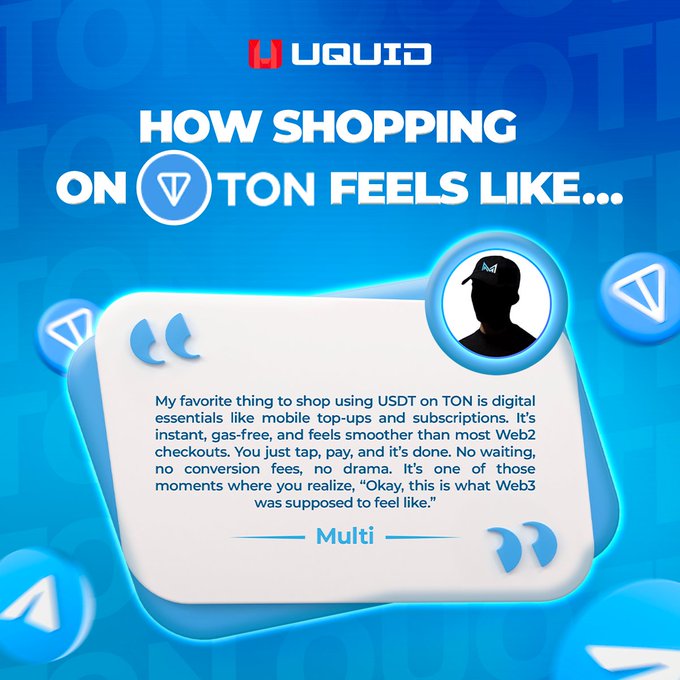 🛒 “Shopping on TON is what Web3's supposed to feel like” — TON Key Voice @Multi_mike01 Fast, gas-free, and smoother than Web2 checkouts. That’s how users are describing payments on @ton_blockchain! 👉 Shop now with TON at t.me/uquidbot & t.me/uquidshopbot
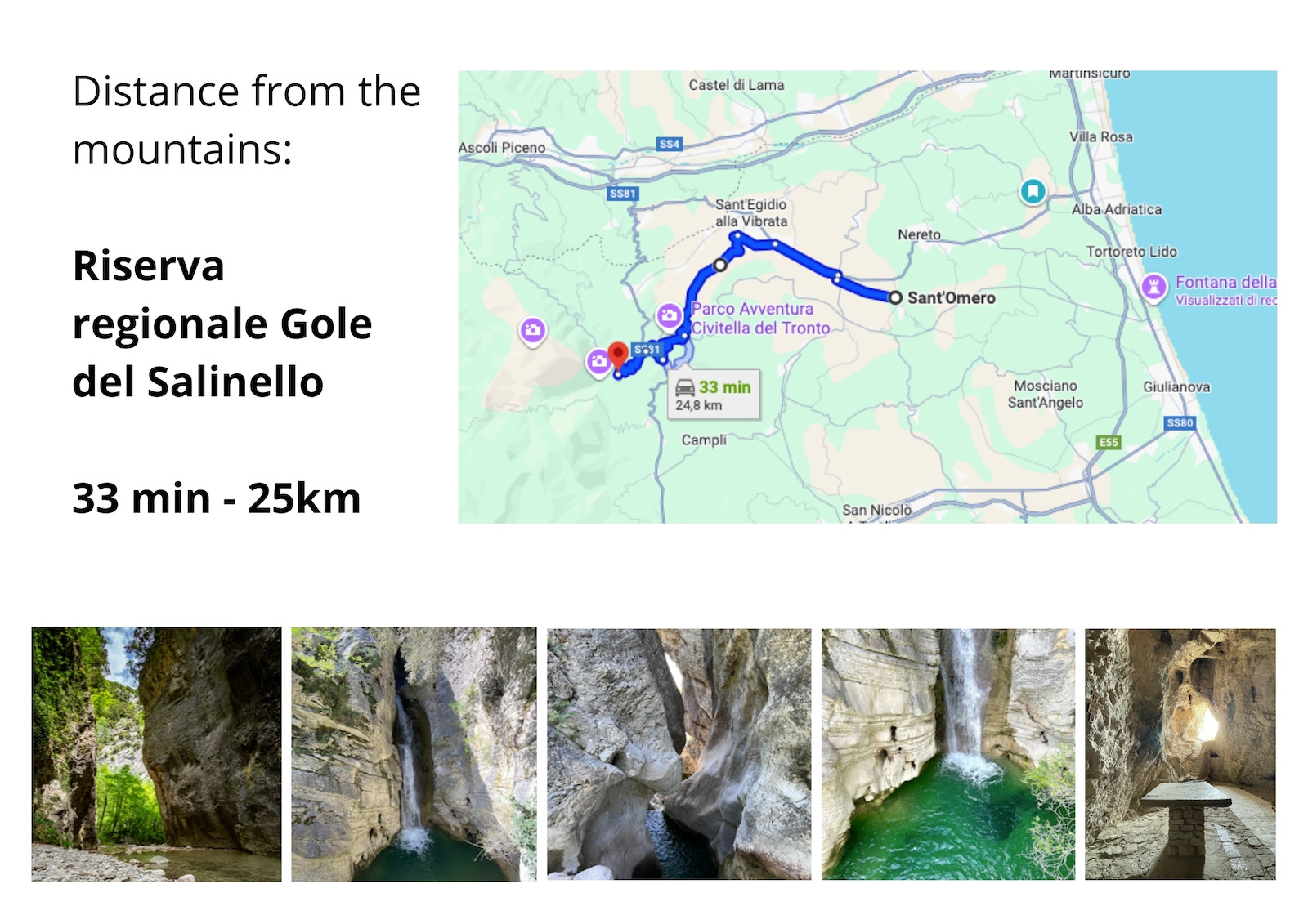 - 20 km by car from the mountains Gole del Salinello and Reserve of Civitella del Tronto
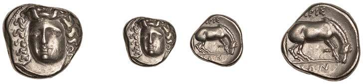 EarlyUninscribedissues,Quarter-Stater,North-WesternQctype,WesternWheelclass1,wreathdesign, rev. triple-tailed horse right, spiked mane, !oral sun above, wheel below, 1.25g (Sills 220 var.; ABC 503 var.; BMC –; VA 220 var.; S 48). Very !ne £400-£500

**Exercise objective**: Write out verbatim the lines from the one containing "- 20 km by car" through the last line of the listing above, and no other lines; omit pictures.

**Your solution**:
 - 20 km by car from the mountains Gole del Salinello and Reserve of Civitella del Tronto
 EarlyUninscribedissues,Quarter-Stater,North-WesternQctype,WesternWheelclass1,wreathdesign, rev. triple-tailed horse right, spiked mane, !oral sun above, wheel below, 1.25g (Sills 220 var.; ABC 503 var.; BMC –; VA 220 var.; S 48). Very !ne £400-£500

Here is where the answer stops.